DETAILED DESCRIPTION

For purposes of clarity, we define the following:

    • Affinitomics refers to the practice of utilizing individual tag elements consisting of descriptors (defined below), draws (defined below), and distances (defined below) or the application of these elements, to compare proxy archetypes within and across collections of archetypes for the purposes of knowledge discovery, information retrieval and information management. This comparison results in a value that represents an affinity or nearness.
    • Archetypes refer to a proxy representation of a real person, place, thing, concept or construct. Said proxy representation is minimally comprised of at least one instance of a descriptor, draw, or distance, and a link or reference to or description of the real person place thing, or concept being represented by the archetype.
    • Descriptor elements, or descriptors, or neutral particles are informational tags that describe characteristics of a person, place, thing, concept or construct. A descriptor is an affinitomic element.
    • Draw elements, or draws, or positive particles, are informational tags that connote an affinity to or toward a person, place thing, concept or construct. A draw is an affinitomic element.
    • Distance elements, or distances, or negative particles, are the opposite of Draws and connote an avoidance or predilection away from a person, place, thing, concept or construct. A distance is an affinitomic element.
    • Encoded elements are comprised of two or more affinitomic elements that have been reduced and written as a single element within an affinitomic archetype
    • An affinitomic genome is a set or list of encoded affinitomic elements that reference a number of external archetypes as part of a tree, schema, or other structure that infers context or use.
    • Affinitomic payload or payload refers to information, data, or functions that are enacted when an archetype is matched or selected in a system.
    • Amplitude refers to a positive or negative value associated with an element, particle, draw or distance. In the preferred embodiment covered in this disclosure, it ranges from −5 to 5, but should not be construed as being limited to these values.
    • Summed kernel matrix refers to matrices used as kernels where the cells of the kernel are comprised of sums of one or more functions.
    • JSON Object refers to an unordered collection of name/value pairs. Its external form is a string wrapped in curly braces with colons between the names and values, and commas between the values and names. The internal form is an object having get and opt methods for accessing the values by name, and put methods for adding or replacing values by name. The values can be any of these types: Boolean, Array, Object, Number, String, or a NULL object. A JSON Object constructor can be used to convert an external form JSON text into an internal form whose values can be retrieved with the get and opt methods, or to convert values into a JSON text using the put and toString methods. A get method returns a value if one can be found, and throws an exception if one cannot be found. An opt method returns a default value instead of throwing an exception, and so is useful for obtaining optional values.

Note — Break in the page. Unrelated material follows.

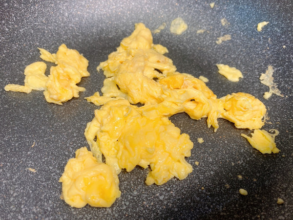 锅烧热倒油 油热 把打好的鸡蛋锅里炒几下 炒鸡蛋很有技巧 快速翻炒几下 马上起锅 鸡蛋不要一直在锅里翻来翻去炒 炒好盛碗里放着备用

This SYSTEM AND METHOD FOR KNOWLEDGE TRANSFER VIA DIMENSIONALIZED PROXY FEATURES is comprised of a set of archetypes with each archetype being comprised of one or more affinitomic elements, tags or features stored either as a kernel matrix or in such a way that they can construe a kernel matrix and one or more links or references to the real person, place, thing concept or construct that is represented by the archetype. An archetype may optionally include encoded affinitomics that represent a larger collection of affinitomic elements. An archetype may optionally include a payload that is delivered when a distinct criteria is met.

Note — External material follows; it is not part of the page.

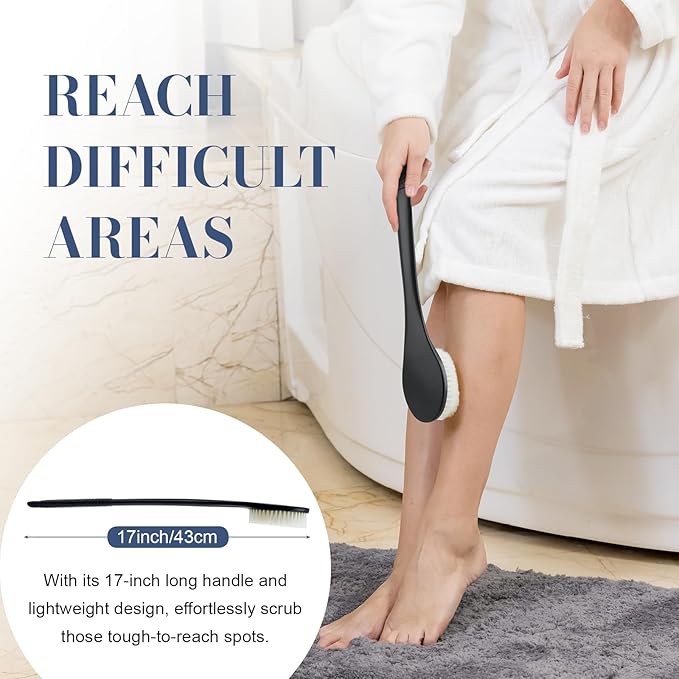 - EXTENED LENGTH OF REACH: To cater to its multi-functional role as a back brush for showering, we've upgraded the handle length to 17 inches, allowing you to effortlessly cover hard-to-reach areas like your back, lower legs, and feet without bending over. This feature proves particularly valuable for individuals with limited shoulder mobility or difficulty in bending their waist. Additionally, its slight curvature enhances ease of use with every stroke.

The system is further comprised of a means and rules for evaluating the archetypes and assigning them a score based on similarities to a separate set of affinitomic elements—such means could include weighted sorts, support vector machines, probabilistic filters, or other means whereby one or more of the dimensionalized tags represented by the affinitomic elements are utilized to make a selection.


The system is further comprised of a data store for the affinitomic archetypes such that they may be efficiently indexed and retrieved based on distinct queries.


The system is optionally further comprised of a means to discover archetypes with a set or sets of matching affinitomic elements and encode these sets as a separate archetype referenced as a single affinitomic element. By this means the system can both minimize storage and nest affinitomic archetypes.


The system is optionally further comprised of a means to discover affinitomics from a data source via such methods as language processing or feature extraction and automatically create archetypes that are representational of said data source.


The system is optionally further comprised of a mechanism to infer or assign the domain or context within which an archetype is to be used Within a categorical ontology.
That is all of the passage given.